I get it: A company wants to retain its employees until it can no longer do
it, so they are always after their own best interests. I would have rather
known up front: "Hey, we aren't doing so well and some of you may be let go"
would have been a lot better warning than calling me into an office on a
regular day, a Wednesday, and telling me that they need to see me, and
refusing to let me go back to my desk afterwards.

I'm lucky I was laid off first.. they even gave me a severance package, while
all of my former co-workers had to take the company to court to get their few
last paychecks. If they had warning, they all could have been looking for
other jobs in advance, but the company only thought about its own interests.
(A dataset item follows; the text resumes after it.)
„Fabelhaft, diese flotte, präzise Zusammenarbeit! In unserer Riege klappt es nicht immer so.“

But the article definitely sums up the last company that laid me off.. and
then they went under themselves. Another thing to add to that list, however is
this:

"Checking in on the competition" and "Keeping up with the latest technology"
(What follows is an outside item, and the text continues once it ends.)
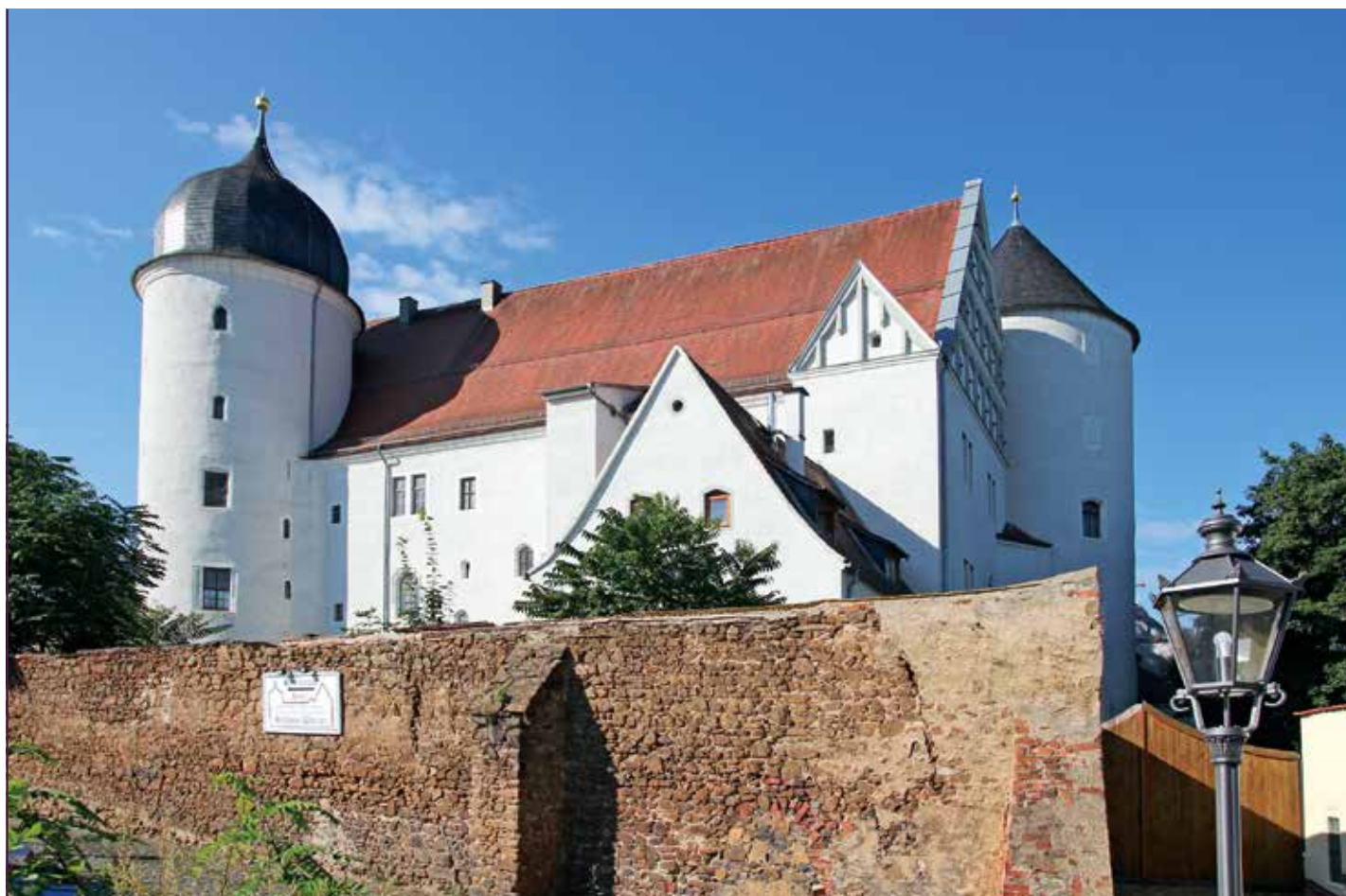
Das frühere Schloss der Bischöfe von Meißen in Wurzen ist heute Schlosshotel.

IF a startup / company chooses to ignore or even check in on what their
competition is doing and really take heed to what they discover ... they are
giving their competition the edge and will ultimately fail.

IF a startup / company knows there is better technology that exists or there
is an update to the current technology, but refuse to update and/or change it,
they are giving other companies the edge and will ultimately fail.

What seemed obvious to me was not so obvious to the company I worked for... I
tried to warn my supervisor who assured me he would discuss it with his higher
ups... but I'm sure it never happened, is the reason why what otherwise would
have been a great company to continue working for (I enjoyed my time there),
went out of business.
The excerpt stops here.